Ce qui est remarquable, c’est que ce drame, de donnée romanesque (par le caractère
absolument exceptionnel de la situation et de quelques-uns des sentiments),
M. de Maupassant le développe par les procédés du roman réaliste. Cette étrange histoire,
nous en touchons du doigt la vérité, jour par jour, heure par heure. M. de Maupassant,
plusieurs fois de suite, a accompli avec sérénité ce tour de force de marquer, dans chacun
des innombrables incidents de la journée la plus unie, les progrès lents de la passion et
de la douleur dévoratrices au cœur d’Olivier et d’Anne. Il y a là, continuellement, un
choix de circonstances extérieures, toutes des plus naturelles et toutes singulièrement
expressives, par lesquelles on se sent si bien enveloppé que l’on a, aussi intense que
possible, l’impression de la vie réelle et cela, je le répète, sur une donnée
exceptionnelle jusqu’à l’invraisemblance. La sûreté d’observation du conteur est telle
que, cette invraisemblance, il la fait comme rentrer de force dans le courant vulgaire des
choses… Eh ! oui, on mange, on boit, on bâille, on travaille, on fait ce que font les
autres, on est comme tout le monde, on n’a rien d’ : et on meurt de
désespoir et d’amour ; on meurt d’une passion fatale comme les passions de tragédie. C’est
ainsi, cela arrive, pas souvent, mais cela arrive, en vérité, et peut-être tout près de
nous. C’est à cause de ces patientes préparations des trois cents premières pages que les
cinquante dernières sont si étrangement émouvantes. Nous avons vu, minute par minute, ce
que souffrent Anne et Olivier ; quand ces deux souffrances se rencontrent et s’avouent,
cela est déchirant et d’autant plus que chacun d’eux sait le martyre de son compagnon et
qu’ils se font mutuellement pitié. La suprême entrevue des deux torturés arrive à un tel
degré d’émotion qu’il n’y a rien par-delà, ou pas grand’chose : tant le sentiment des
obscures fatalités humaines y est douloureux et accablant !

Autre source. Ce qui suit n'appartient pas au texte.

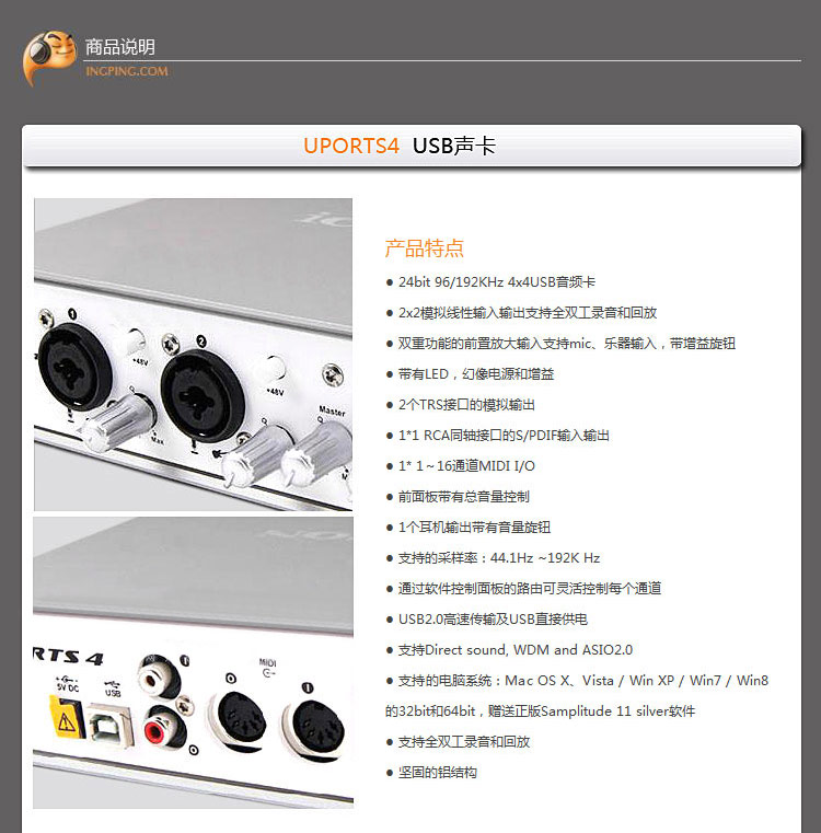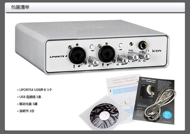 商品名称:ICON Uports 4套装外置声卡套装yy主播电容麦克风电脑k歌录音声卡
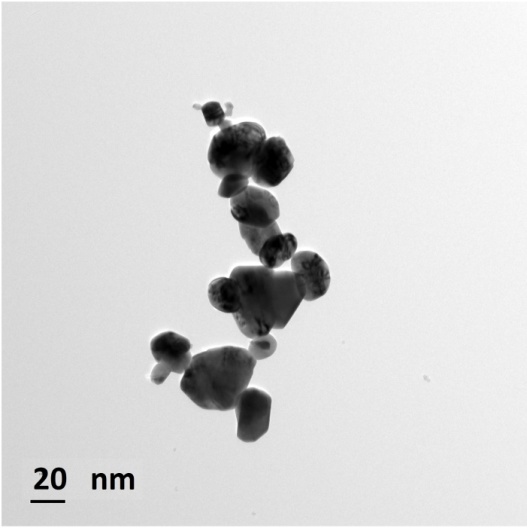 The size and morphology of CuO NPs have been examined using TEM. The nanoparticles are spherical in shape as shown in fig. 2. The TEM micrograph has shown particles of different size approximately from 10 nm to 45 nm. The TEM result also coincides with the estimated particle size in XRD analysis.

Pas de conclusion. C’est la vie. Chercherons-nous des objections ? Dirons-nous qu’Olivier
est un grand fou, qu’il est des passions qu’on s’interdit à son âge, que la comtesse (plus
excusable, d’ailleurs) n’a qu’à s’abriter en Dieu, que tout a une fin, qu’il faut savoir
vieillir, accepter l’inévitable, et que ceux-là pâtissent justement qui vont contre les
volontés de la nature ? Mais la déraison même est dans la nature, et dans la nature aussi
les pires folies de l’amour, de l’odieux amour ! Maupassant ne juge ni ne condamne. Il
regarde et il raconte.
Il regarde si bien que je ne puis douter de la vérité de son livre (lequel porte en
lui-même le témoignage de cette vérité) ; et il raconte si bien que, l’ayant lu voilà trois
semaines, j’ai encore le cœur serré en y songeant.